Range of the Coefficient of Determination
The coefficient of determination ranges from 0 to 1. 0 indicates that there is no linear relationship at all, 1 indicates that the relationship is perfect. What counts as a "high" or "good" coefficient varies from field to field. In psychology, 0.3 is quite high; in physics 0.8 is often considered low.
What the Coefficient Measures
The coefficient of determination measures the strength of a linear relationship. But the exact meaning of "linear relationship" is often confusing to students. A linear relationship is linear in its parameters. For example, you might model weight in human adults as a function of height and height squared, getting a regression equation such as:
W = b0 + b1*H + b2*H^2
Where W is weight and H is height and b0, b1 and b2 are coefficients to be estimated. This is a linear regression, because none of the parameter are raised to powers.

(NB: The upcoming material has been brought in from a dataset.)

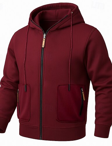 Муж. Толстовка Толстовка с капюшоном на молнии Толстовка из флиса Толстовка с капюшоном на флисовой подкладке Черный Бордовый Капюшон Полотняное плетение Для занятий спортом Повседневные Праздники
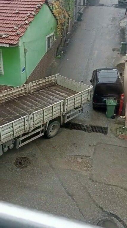 Bursa’da sokak arasında dönüş yapamayan kamyon sürücüsü manevra yaparken, park halindeki hafif ticari araca ağır zarar verdi. kamyon sürücüsünün çarptığı ve sonrasında kaçtığı o anlar kameraya yansıdı.

Coefficient of Determination in Analysis of Variance
In analysis of variance (ANOVA), models are developed and evaluated based on sums of squares, or variances. In any set of quantitative data that is collected on several groups, you can look at the total variance and the variance within and between groups. The coefficient of determination is the sum of squares between groups divided by the total sum of squares.
Proportion of Variation
Another way to look at the coefficient of determination is that it is the proportion of variation in the dependent variable (what we are trying to explain) that is accounted for by the model. So, if the coefficient is 0.8, it means that 80 per cent of the variation in the dependent variable is accounted for by the model.